Abuja rebuffed the narrative as “misrepresentation,” with Foreign Minister Yusuf Tuggar insisting, “There is no Christian genocide in Nigeria.” President Tinubu, a Muslim leading a religiously diverse nation of 230 million, highlighted constitutional safeguards for all faiths, noting violence claims both Christians and Muslims — over 53,000 civilian deaths in political attacks since 2009, per the Armed Conflict Location & Event Data Project (ACLED). Independent experts, including Human Rights Watch, concur: while jihadists like Boko Haram and ISWAP have killed over 100,000 since 2009, Muslims suffer equally in farmer-herder clashes and banditry. Tinubu canceled trips to the G20 and EU-AU summits to focus on the crisis, deploying tactical squads and local hunters to scour forests.
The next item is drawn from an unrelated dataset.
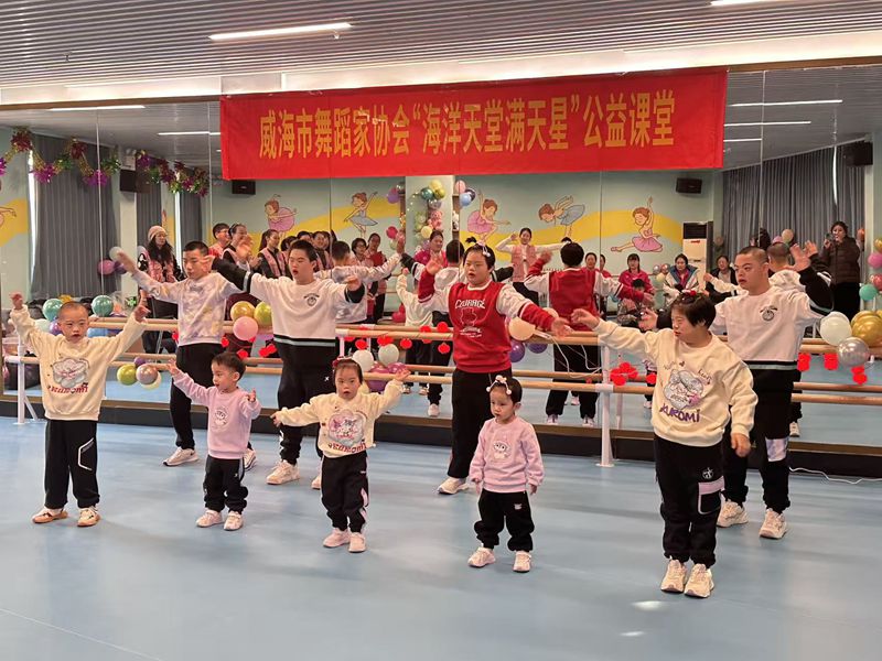 为检验“开门办院”共享课堂舞蹈课程教学成果,2026年1月4日,威海市儿童福利院携手市舞蹈家协会,在福利院新舞蹈室举办“海洋天堂满天星”共享课堂舞蹈成果汇报表演。福利院师生、舞协舞蹈老师与爱心志愿者齐聚一堂,以艺术之名共赴这场充满童趣与温情的元旦之约。
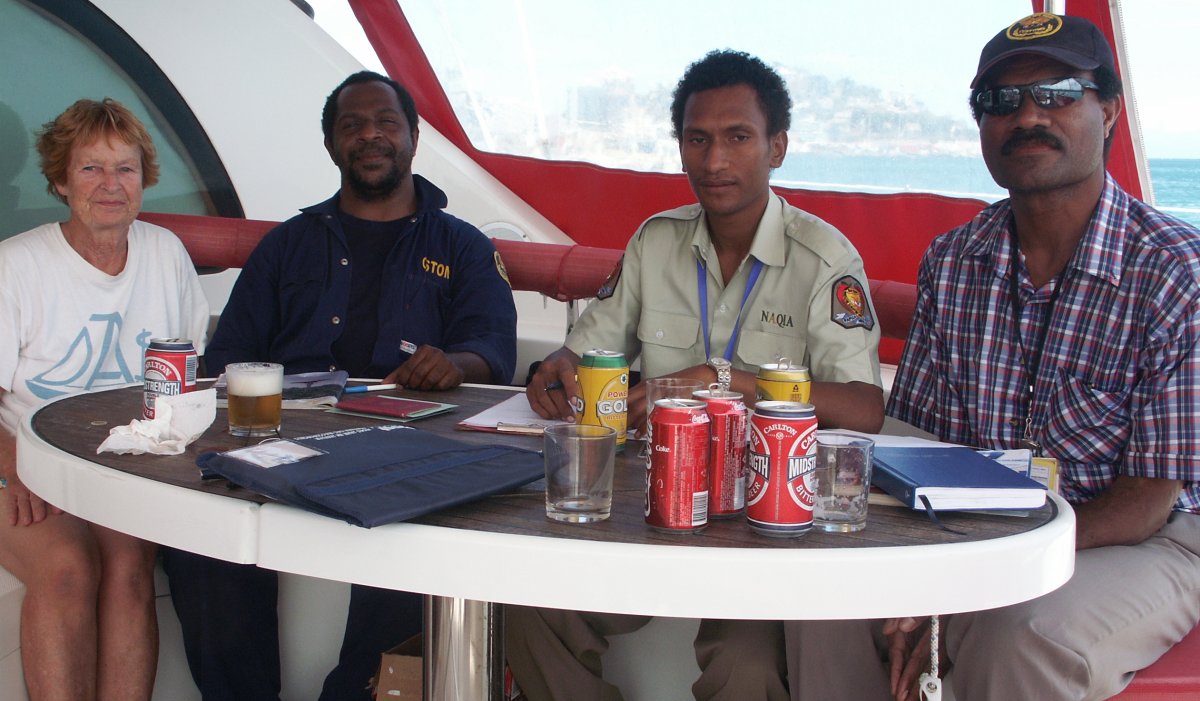 Am skurrilsten war die Einklarierung auf den Neuen Hebriden (heute Vanuatu). Denn das war ein Condominium, das heisst eine Art Gemeinschaftsregierung von Frankreich und England. Behörden, Schulen, Sprache - alles gab es doppelt. Wer sich mal schon Gedanken über die sehr spezifischen Wesensunterschiede von Franzosen und Engländern gemacht hat, kann sich kaum vorstellen, dass das gut gehen kann. Aber die Geschichte lehrt das Gegenteil. Alles funktionierte bestens und zum Wohlergehen der einheimischen Insulaner. So auch die ganz normale Einklarierung, bis auf die Tatsache, dass wir zweimal die Prozedur und zweimal den Papierkrieg durchmachen mussten. Mit Ausnahme der gemeinsamen Barkasse zum Besuch der Yacht gab es nichts Verbindendes zwischen den englischen und den französischen Abordnungen. Also waren an Bord der kleinen THALASSA getrennte Zollbeamte, getrennte Ärzte, getrennte Zöllner sowie zwei Dolmetscher für französisch und Englisch. Nebenbei: Die Neuen Hebriden habe ich in angenehmster Erinnerung.

Nigeria’s insecurity is multifaceted: a northeast insurgency by Boko Haram and ISWAP has displaced 2.2 million since 2009, while northwest bandits loot villages and extort ransoms, fueling a $1.66 million “industry.” Central belt farmer-herder disputes, exacerbated by climate change and arms proliferation — Nigerian troops allegedly sell weapons to gangs — claim thousands annually. Schools, symbols of vulnerability, have been hit repeatedly: 1,400 students abducted since 2014, per Al Jazeera tallies. In response, Niger state shuttered all schools until 2026, joining 47 federal unity colleges nationwide, per UNESCO’s Safe Schools Declaration — ratified by Nigeria in 2015 but poorly implemented.
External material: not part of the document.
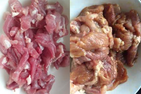 2、先将瘦肉洗净血水,用刀切成片状。把生姜切成细丝倒入瘦肉片中,加入些生粉和盐、料酒用筷子抓捏,放在一旁备用腌制半个钟头左右。
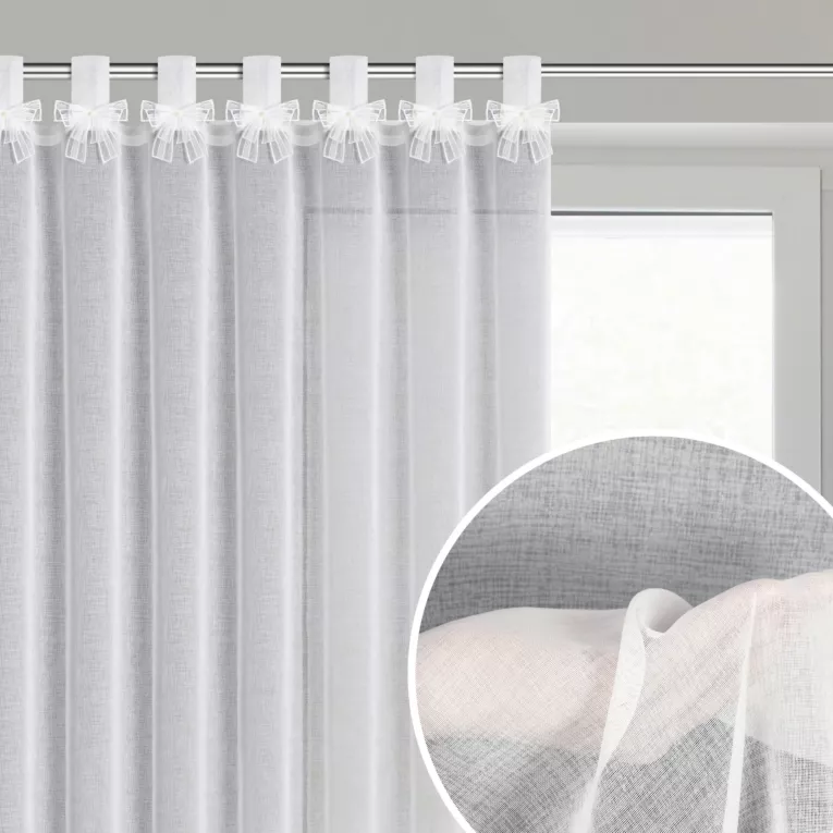 Firana biała zdobiona kokardkami 140x250 cm szelki ALEXSANDRA

The UN’s Amina Mohammed decried schools as “sanctuaries, not targets,” urging accountability. Human Rights Watch called for early warning systems, criticizing closures for denying education to 20 million northern children already out of school. As the freed children reunite — scarred by trauma, per UNICEF — the remaining 165, including all 12 teachers, endure captivity in bandit strongholds. Families like that of 13-year-old escapee Aisha, who told Reuters of “dark nights in the bush,” plead for swift action.
On X, #FreeStMarysChildren trended with 1.5 million posts, blending parental anguish — “My son is only 11, please bring him home” — and geopolitical barbs — “Trump’s threats won’t fix Tinubu’s failures.” As Abuja fortifies “Operation Safe Corridor” with U.S. intelligence — despite tensions — the partial victory underscores a harsh reality: in Nigeria’s shadow war, rescues are incremental, but the bandit economy thrives. For the 165 still held, hope flickers amid forests that swallow cries, a stark reminder that security’s deficit devours futures.